* _What the task requires_
Please give the lines below again exactly as they stand, from the one that contains "為全面加強(qiáng)綠色" up to and including the one that contains "Strapless Black Lace", leaving all pictures out.

Data extracts section start

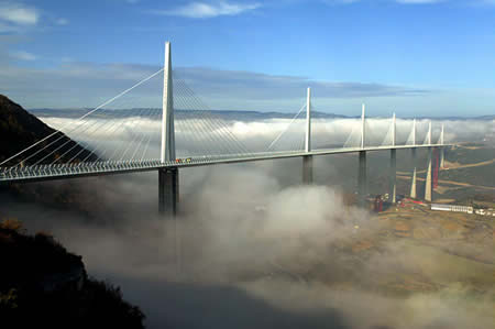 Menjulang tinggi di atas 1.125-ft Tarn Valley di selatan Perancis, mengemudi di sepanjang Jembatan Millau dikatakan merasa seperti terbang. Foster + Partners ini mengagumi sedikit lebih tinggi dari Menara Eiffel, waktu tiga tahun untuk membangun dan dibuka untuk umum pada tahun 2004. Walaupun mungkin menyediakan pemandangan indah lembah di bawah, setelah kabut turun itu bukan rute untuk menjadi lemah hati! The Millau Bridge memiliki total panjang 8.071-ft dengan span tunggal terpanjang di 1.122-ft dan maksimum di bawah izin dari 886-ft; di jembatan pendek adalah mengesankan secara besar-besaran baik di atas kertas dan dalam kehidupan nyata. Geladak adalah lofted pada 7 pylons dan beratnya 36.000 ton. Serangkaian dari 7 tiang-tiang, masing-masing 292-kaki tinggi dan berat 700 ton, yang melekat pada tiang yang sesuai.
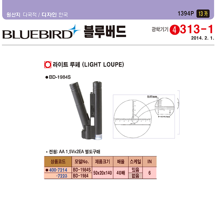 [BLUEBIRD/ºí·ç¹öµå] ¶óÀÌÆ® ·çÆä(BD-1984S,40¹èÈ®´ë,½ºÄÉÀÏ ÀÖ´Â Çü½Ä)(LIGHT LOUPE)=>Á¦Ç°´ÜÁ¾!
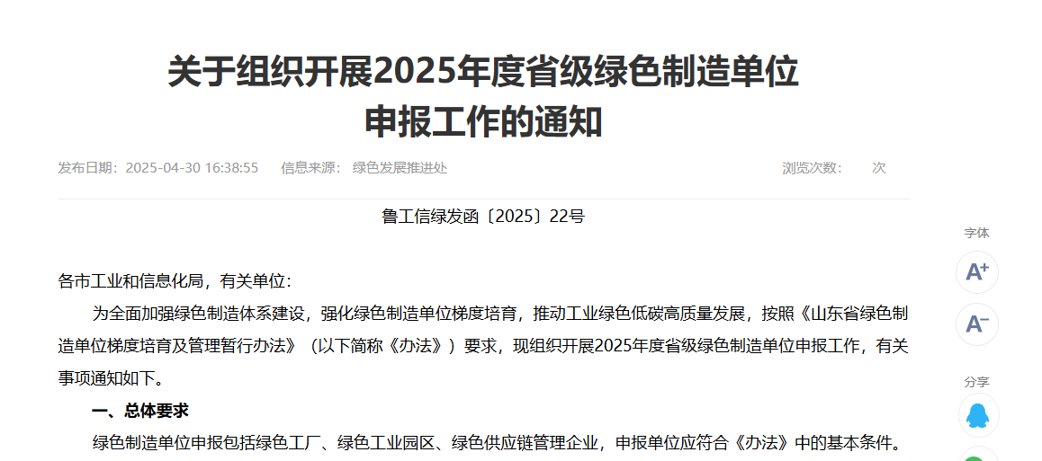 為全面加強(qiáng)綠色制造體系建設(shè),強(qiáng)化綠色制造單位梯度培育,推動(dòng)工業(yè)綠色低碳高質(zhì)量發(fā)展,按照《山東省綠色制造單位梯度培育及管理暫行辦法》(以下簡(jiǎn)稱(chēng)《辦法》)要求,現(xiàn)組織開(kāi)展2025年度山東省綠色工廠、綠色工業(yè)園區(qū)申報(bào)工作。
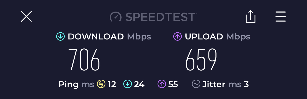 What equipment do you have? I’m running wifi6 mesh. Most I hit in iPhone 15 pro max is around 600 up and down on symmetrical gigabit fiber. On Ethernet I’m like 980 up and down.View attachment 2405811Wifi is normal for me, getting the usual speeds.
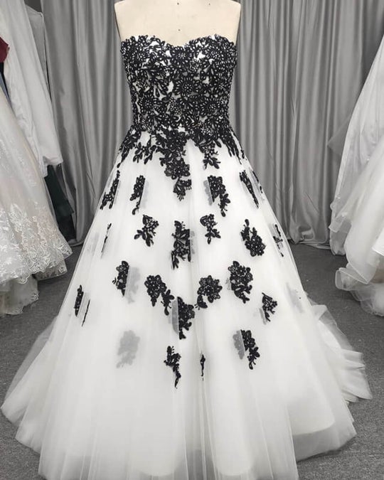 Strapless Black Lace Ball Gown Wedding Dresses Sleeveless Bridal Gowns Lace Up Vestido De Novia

Data extracts section end
Data extracts section start

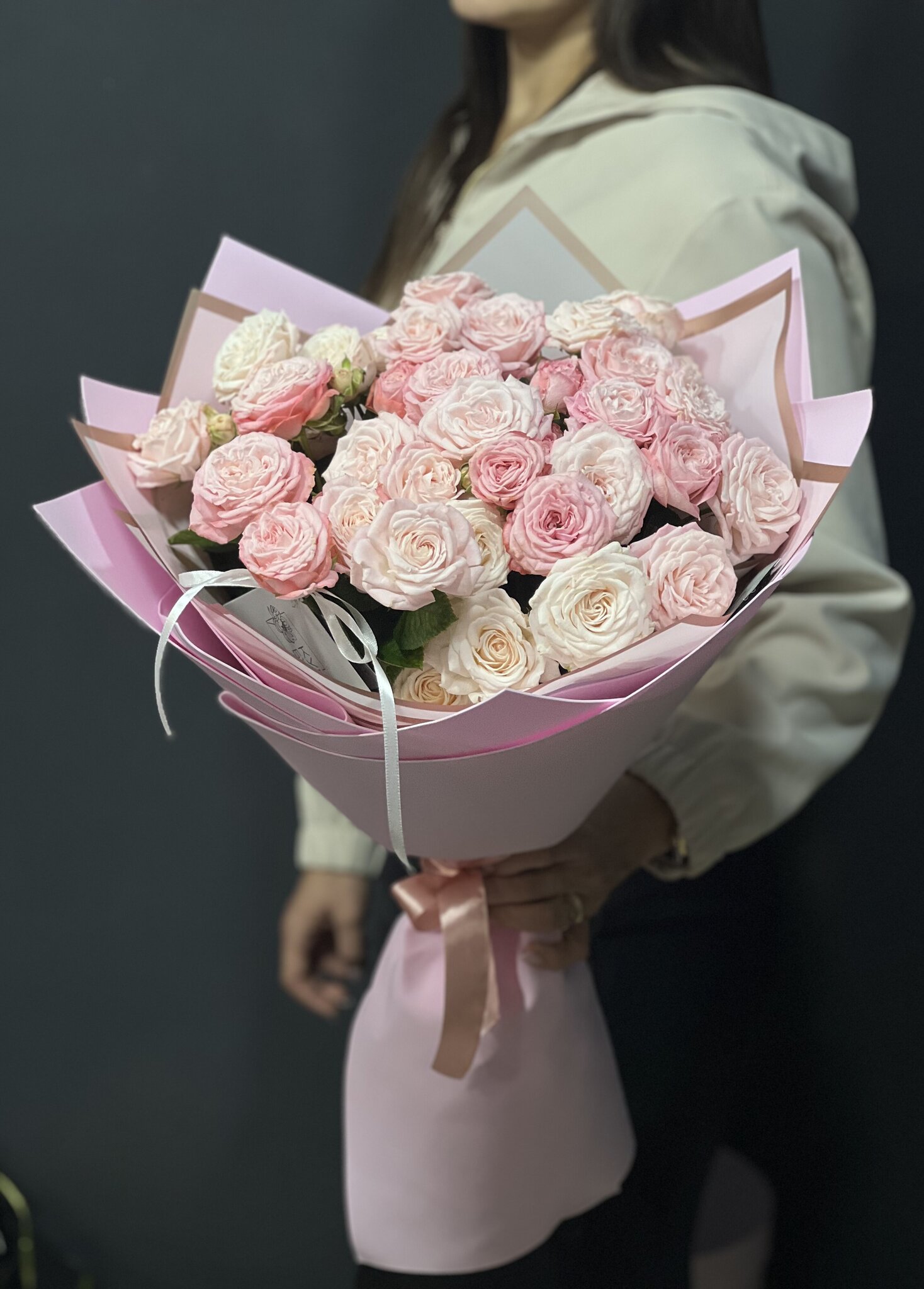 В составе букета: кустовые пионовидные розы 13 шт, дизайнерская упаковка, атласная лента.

Data extracts section end

* _Written response_
 為全面加強(qiáng)綠色制造體系建設(shè),強(qiáng)化綠色制造單位梯度培育,推動(dòng)工業(yè)綠色低碳高質(zhì)量發(fā)展,按照《山東省綠色制造單位梯度培育及管理暫行辦法》(以下簡(jiǎn)稱(chēng)《辦法》)要求,現(xiàn)組織開(kāi)展2025年度山東省綠色工廠、綠色工業(yè)園區(qū)申報(bào)工作。
 What equipment do you have? I’m running wifi6 mesh. Most I hit in iPhone 15 pro max is around 600 up and down on symmetrical gigabit fiber. On Ethernet I’m like 980 up and down.View attachment 2405811Wifi is normal for me, getting the usual speeds.
 Strapless Black Lace Ball Gown Wedding Dresses Sleeveless Bridal Gowns Lace Up Vestido De Novia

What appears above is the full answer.